Solve the normal equation below to obtain y-intercept \(b\) for the least-squares best-fitting line.

\[b = \frac { \sum x^2_i \sum y_i - \sum x_i y_i \sum x_i } {m {\sum x^2_i} - ({\sum x_i})^2} \]

m <- nrow(data)

numerator <- (sum(data$height_cubed^2)*sum(data$weight)) - (sum(data$height_cubed*data$weight)*sum(data$height_cubed))

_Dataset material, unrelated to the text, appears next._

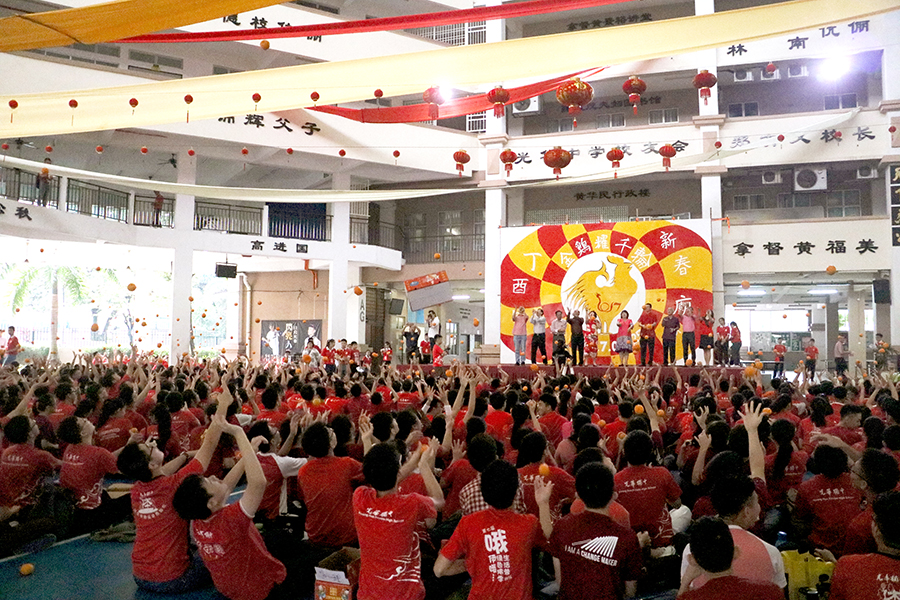 全体光华师生在校长佘琼凤的带领下,齐齐抛柑纳福,场面壮观

denominator <- m * sum(data$height_cubed^2) - sum(data$height_cubed)^2

(b <- numerator/denominator)
## [1] 59.4584

The y-intercept \(b = 59.4583969\)

Calcuate \(SSE\) or error sum of squares

(SSE <-   sum((data$weight - (a * data$height_cubed + b))^2))
## [1] 39.86196

Calcuate \(SST\) or total corrected sum of squares

(SST <- sum((data$weight - mean(data$weight))^2))
## [1] 20338.95

Calcuate \(SSR\) or regression sum of squares

\[ SSR = SST = SSE \]

(SSR <- SST - SSE)
## [1] 20299.09

\(R^2\) Coefficient of determination which is a measure of fit for the regresssion line

\[R^2 = 1 - \frac{SSE}{SST}\]

R2 <- 1 - (SSE/SST)

\(R^2 = 0.9980401\)

Results

Model 2 SSE SSR SST \(R^2\)
weight = 0.0003467044 * height^3 + 59.4584 39.8619613 20299.0904197 20338.952381 0.9980401

Residual Plot

data$model2_weight <- a * data$height^3 + b
data$model2_residuals <- data$weight - data$model2_weight 

ggplot(data, aes(height)) + geom_point(aes(y = model2_residuals)) + labs(x = "Height", y = "Residuals")

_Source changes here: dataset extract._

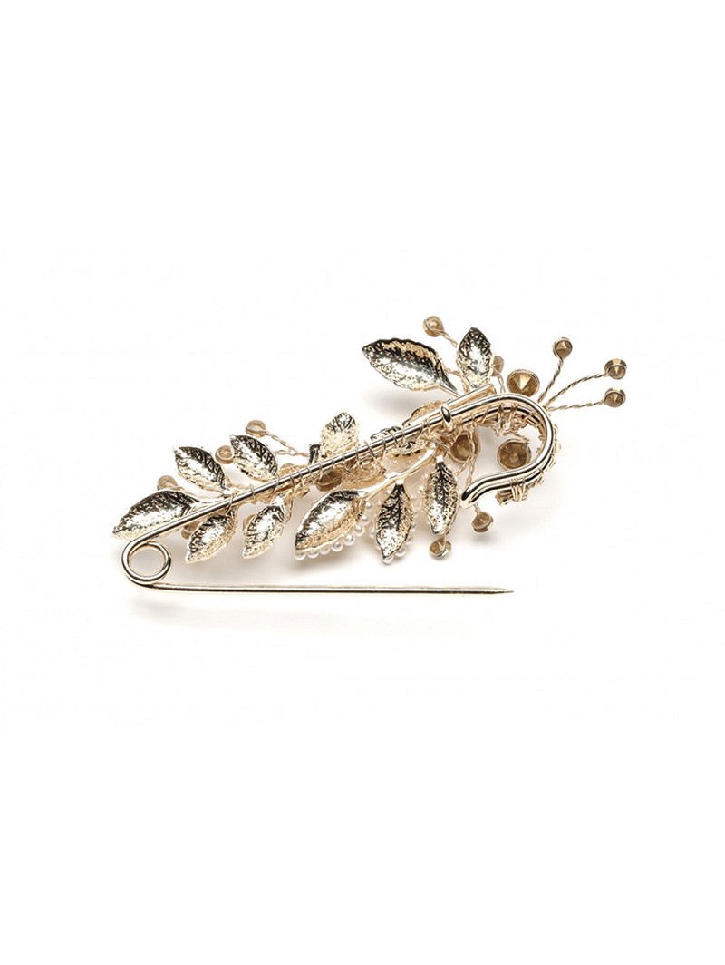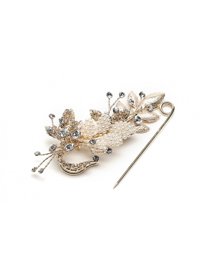Gold-coloured trainpin with rhinestones and pearls. An adornment that can be used to pin up the train during the party.

Plot the actual vs. modeled data

Looking at the results of model 2 using height cubed, this model appears to provide a better fit to the data than model 1. Model 2 results in a slightly better \(R^2\) value plus the residual plot appears to be more random than model 1’s residual plot.